WHEREAS, Lender desires to loan a certain sum to Borrower and Borrower
wishes to borrow a certain sum from Lender in order that Borrower may purchase
his secondary residence, on and subject to the terms and conditions contained in
this Agreement;
NOW, THEREFORE, in consideration of the mutual promises,
representations, warranties, covenants and conditions set forth in this
Agreement, Lender and Borrower hereby agree as follows:
1. AMOUNT AND TERMS OF CREDIT.
1.1 COMMITMENT TO LEND. Subject to all the terms and
conditions of this Agreement, and in reliance on the representations, warranties
and covenants of Borrower set forth in this Agreement, the Lender agrees to make
a loan of funds on the date of the Note to Borrower on a non-revolving basis
(the "LOAN") in the principal amount of One Million Five Hundred Thousand
Dollars (U.S. $1,500,000.00), for the purchase of Borrower's secondary
residence.
1.2 NOTE. Borrower's indebtedness to Lender under the Loan
will be evidenced by a Promissory Note executed by Borrower in the form attached
hereto as Exhibit "A" (the "NOTE").

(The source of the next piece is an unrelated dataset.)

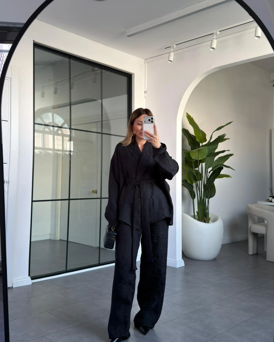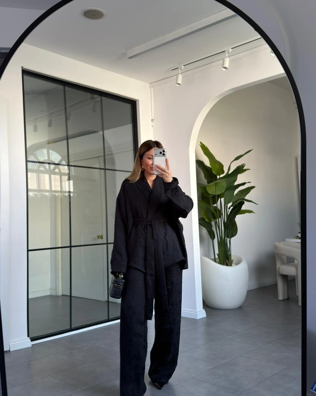 SİYAH ŞAL YAKA KİMONO TAKIM
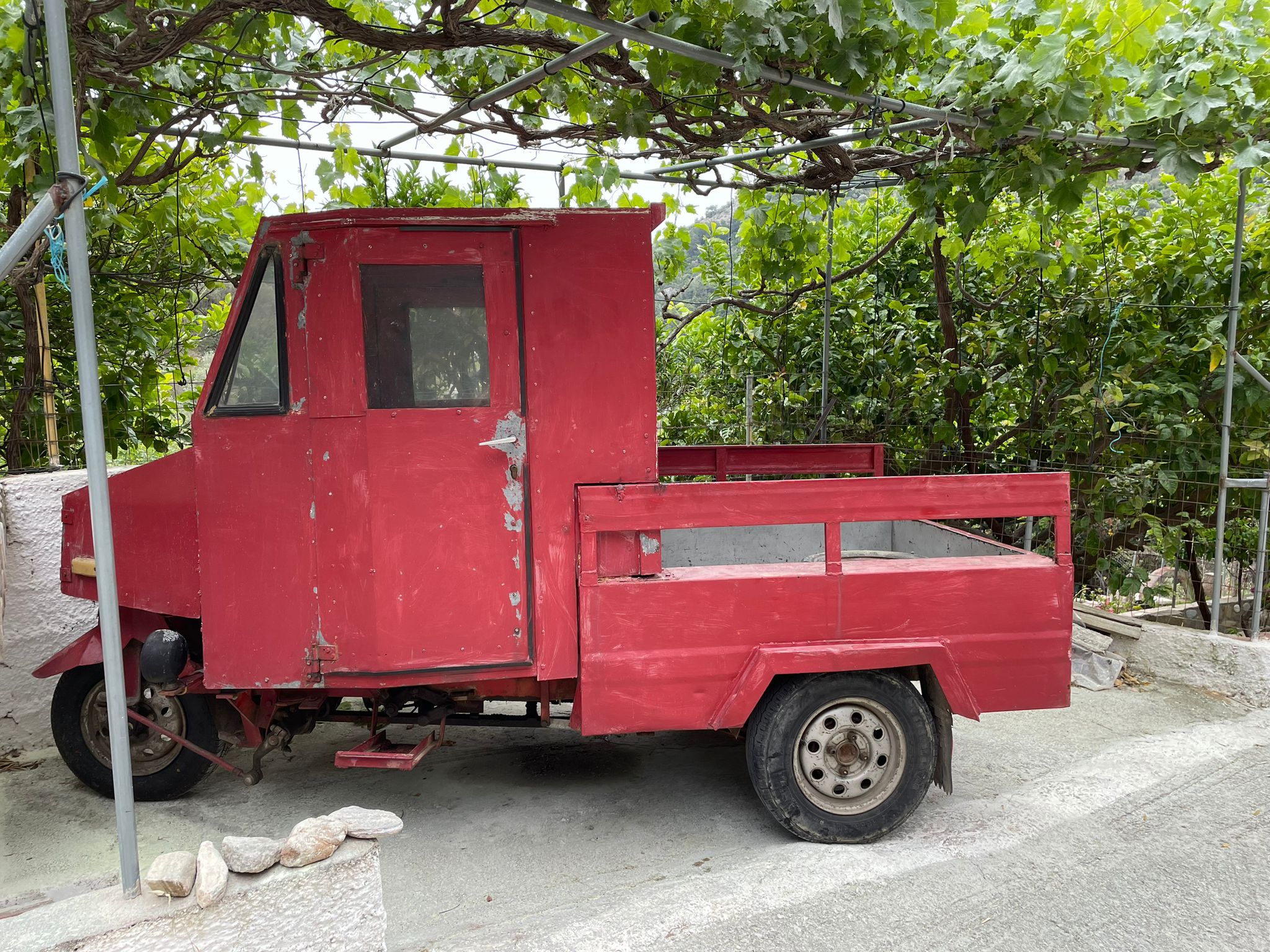 Op aanraden van Rob en Lianne zijn we op weg naar de lunch in Ormos. Twee taxi’s brengen ons in twee keer weg.

The Note will provide that semi-annually
compounded interest on unpaid principal will accrue at a rate equal to seven and
twenty-five hundredths percent (7.25%) per annum.

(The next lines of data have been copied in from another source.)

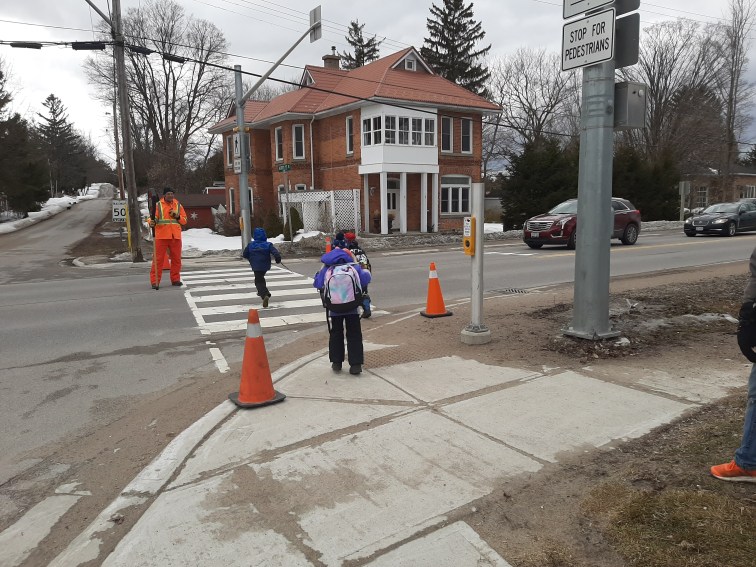 Love being the neighborhood crossing guard. Children know the whistle system exceptionally well and will not step onto the highway until they hear the second whistle. Picture taken pre-COVID early last March.
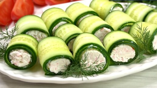 Закуска из свежего огурца на праздничный стол, по вкусу напоминают роллы филадельфия
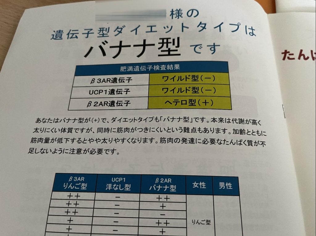 検査結果は、私の遺伝子型ダイエットタイプは「バナナ型」と言われるものでした。
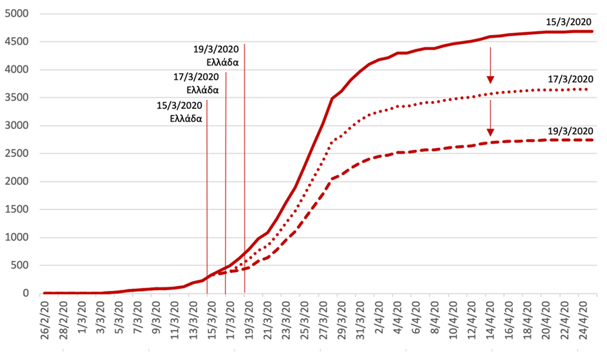 - Με βάση τα ευρήματα αυτά η χειρότερη περίοδος κοινωνικού πόνου για την Ελλάδα είναι το διάστημα που περιλαμβάνεται μέχρι το τέλος αυτής της εβδομάδας ενώ εκτείνεται μέχρι την πρώτη βδομάδα του Απριλίου επειδή οι αριθμοί των νέων κρουσμάτων θα είναι μεγάλοι αν και ο ρυθμός μεγέθυνσής τους θα μειώνεται (βλέπε Διάγραμμα 5).
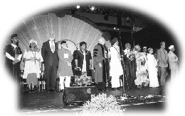 Dans la ville, on ne pouvait pas faire deux pâtés de maison sans voir les posters de Maître qui donnaient à l'environnement une sensation chaleureuse provenant de Son amour et de Sa bénédiction. L'ouverture du Parlement, le 1er Décembre, coïncidait avec la journée Mondiale du Sida. Á ce titre, les leaders religieux ont fait pendant une heure un discours adressant des doléances aux gouvernements du monde entier d'oeuvrer étroitement à la cause des victimes du Sida, et aux populations mondiales d'aider ceux-ci dans la prière. Cette cérémonie s'est terminée par une prière silencieuse.
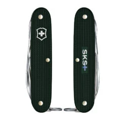 The back panel of the Pioneer Green Alox is engraved with the Swiss Knife Shop “SKS” logo, as the Alox Pioneer in this color was created just for us here at Swiss Knife Shop.

1.3 SECURITY. Borrower's indebtedness to Lender under the Loan
will be secured by a first deed of trust in customary form (the "DEED OF TRUST")
to be executed by Borrower at such time as Lender requests. The Deed of Trust
will be executed by Borrower in favor of Lender, with an escrow agent (the
"ESCROW AGENT") acting as trustee, on certain real property located in Sun
Valley, Idaho and constituting Borrower's secondary residence (the "PROPERTY").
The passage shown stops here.